Assigned task: Reproduce everything from the line that contains "Pour un look" down to the line that contains "因应2024年3月29日(周" in the listing below, word for word and nothing more. Leave the pictures out.

═════ Data for review ═════

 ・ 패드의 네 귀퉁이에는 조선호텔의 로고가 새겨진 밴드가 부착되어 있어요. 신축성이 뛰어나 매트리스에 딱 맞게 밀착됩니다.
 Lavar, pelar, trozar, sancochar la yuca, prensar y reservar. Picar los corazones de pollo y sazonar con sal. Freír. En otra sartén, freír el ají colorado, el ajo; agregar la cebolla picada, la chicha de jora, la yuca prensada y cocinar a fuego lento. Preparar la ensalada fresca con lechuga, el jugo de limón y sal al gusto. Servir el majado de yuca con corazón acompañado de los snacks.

═════
═════ Data for review ═════

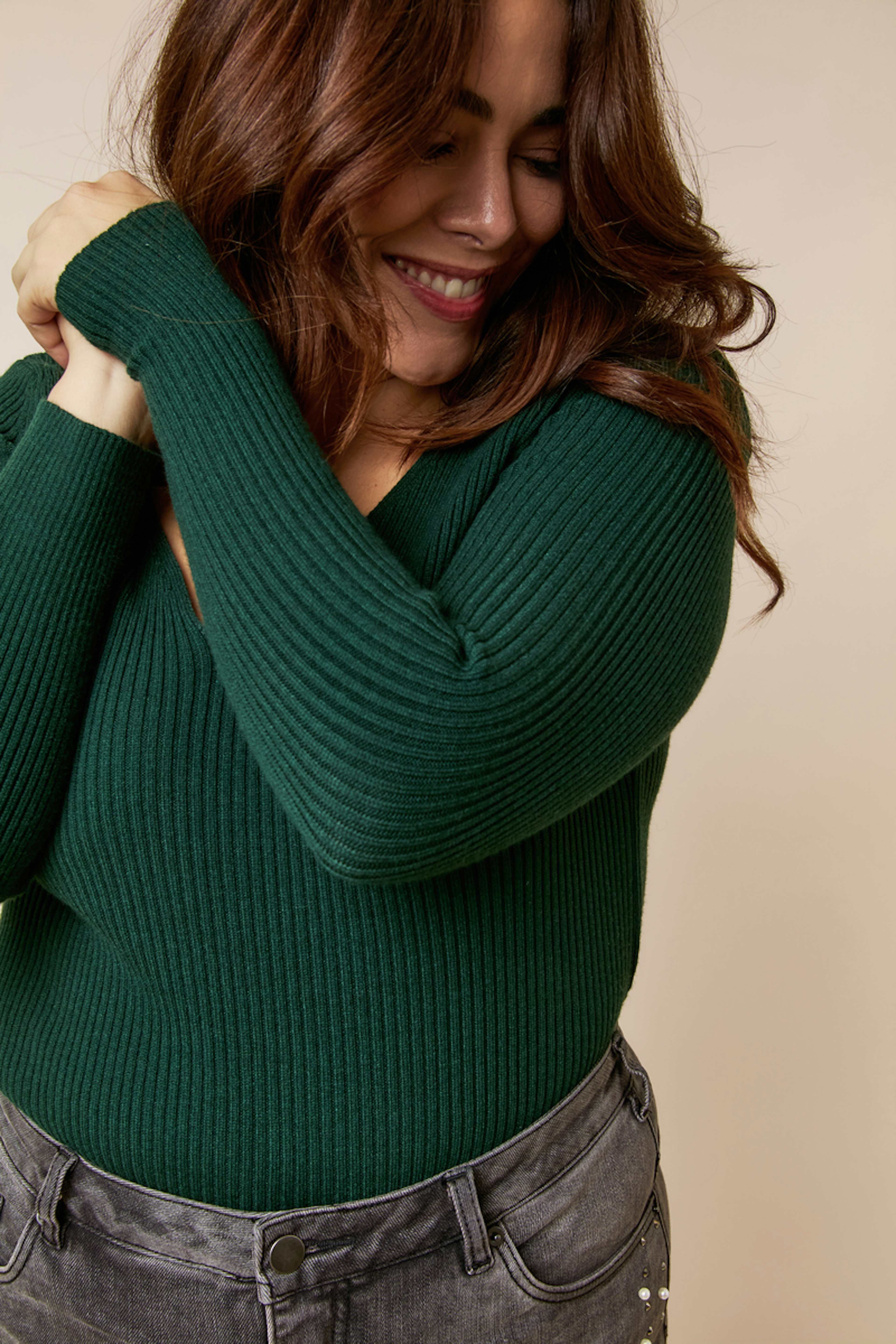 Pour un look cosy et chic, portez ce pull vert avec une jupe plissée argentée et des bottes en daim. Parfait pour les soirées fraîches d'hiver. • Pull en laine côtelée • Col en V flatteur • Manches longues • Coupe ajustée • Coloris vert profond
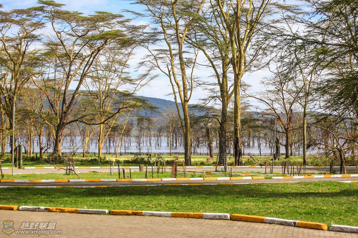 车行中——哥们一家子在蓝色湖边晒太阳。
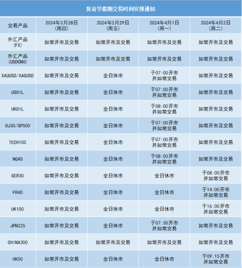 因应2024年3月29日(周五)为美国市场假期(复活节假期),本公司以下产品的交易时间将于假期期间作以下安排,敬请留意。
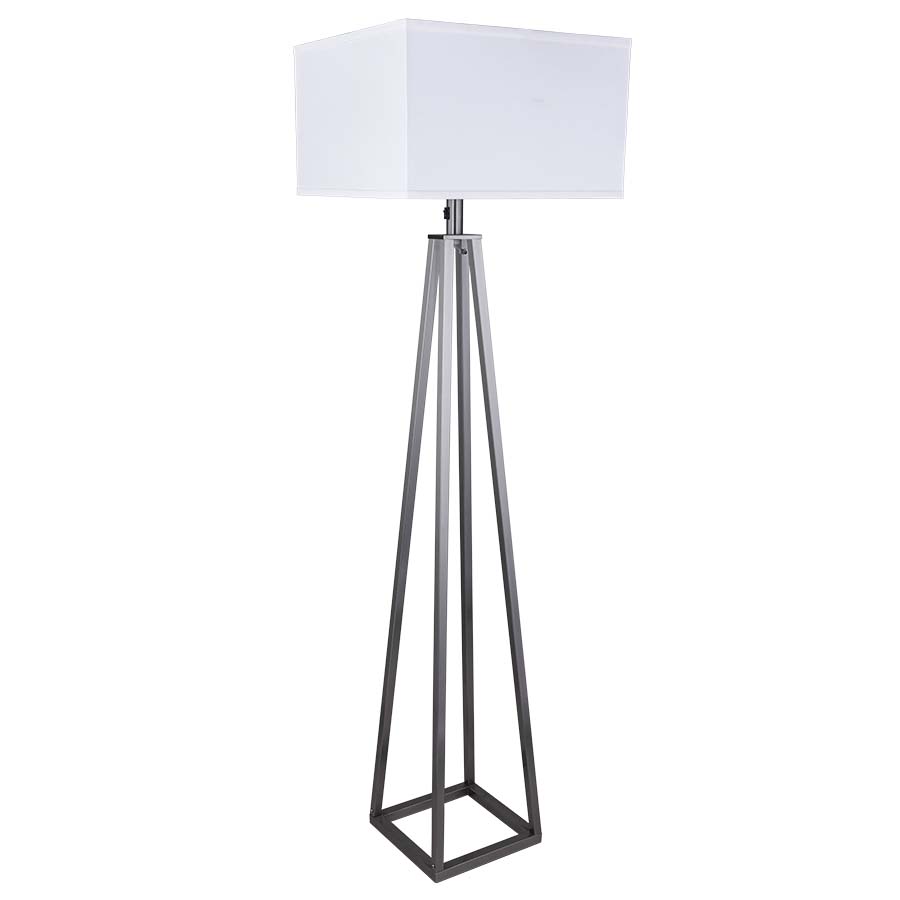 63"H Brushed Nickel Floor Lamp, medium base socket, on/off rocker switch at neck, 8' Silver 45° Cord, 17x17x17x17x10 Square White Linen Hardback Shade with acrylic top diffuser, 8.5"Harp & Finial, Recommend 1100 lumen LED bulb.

═════

Final answer:
 Pour un look cosy et chic, portez ce pull vert avec une jupe plissée argentée et des bottes en daim. Parfait pour les soirées fraîches d'hiver. • Pull en laine côtelée • Col en V flatteur • Manches longues • Coupe ajustée • Coloris vert profond
 车行中——哥们一家子在蓝色湖边晒太阳。
 因应2024年3月29日(周五)为美国市场假期(复活节假期),本公司以下产品的交易时间将于假期期间作以下安排,敬请留意。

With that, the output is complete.